The Pierre Auger Observatory for cosmic rays in Argentina is making some of its measurements and initial analyses accessible to the general public. The open data are intended for educational purposes and amateur scientists, but also for other scientists.

The Netherlands has traditionally been a partner in the Auger project in South America, mainly through the Nikhef group in Nijmegen. Auger is spread over 3000 square kilometers in the pampa of Argentina and measures the arrival of cosmic particles in the earth’s atmosphere with detectors, fluorescence telescopes and antennas. From the scattered signals, traces of particles and possible sources can be reconstructed.

Detectors in the Pierre Auger observatory on the Argentina pampas.

Measurements have shown that sometimes unprecedented energetic particles land on Earth in the process. The sources of these particles are still an astrophysical mystery.

A good portion of Auger’s data has been accessible since today via the website www.auger.org/opendata/. According to Auger, the openness is a way to reach a more diverse group of users of scientific data. This increases the scientific potential for the future, the announcement said today.

Auger has long had a policy of open data, and publicly accessible publications without publishers’ pay walls. In 2007, one percent of data was made public, and in 2019 at the observatory’s 20th anniversary, ten percent. Now, ten percent of the really raw measurement data is also becoming public plus its analyses by Auger scientists.
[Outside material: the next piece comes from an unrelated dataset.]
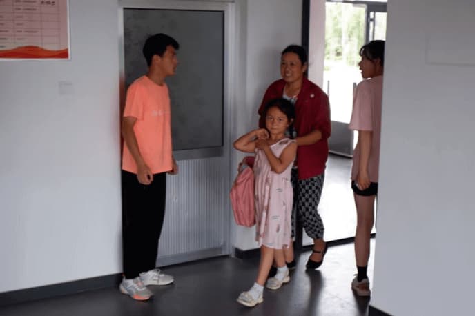 开展爱心支教活动的消息后,将适龄学生送到民安驿站。实践团成员迎接前来辅导的学生,并了解其学习科目及进程,为开展精准支教活动提供前提保障。

Ten percent of the measurements is more than enough for educational purposes, but it does not provide the statistical acuity of a full dataset. Auger’s early publications, which first found superenergic traces, did have about the same reliability.

Open data policies have also been a trend in particle physics in recent years. Late last year, particle lab CERN in Geneva also decided to be open about a significant part of the measurements around the LHC accelerator. In the Netherlands, research financier NWO demands maximum openness of research paid for with public money. Many publications by Nikhef groups are already open-access for this reason.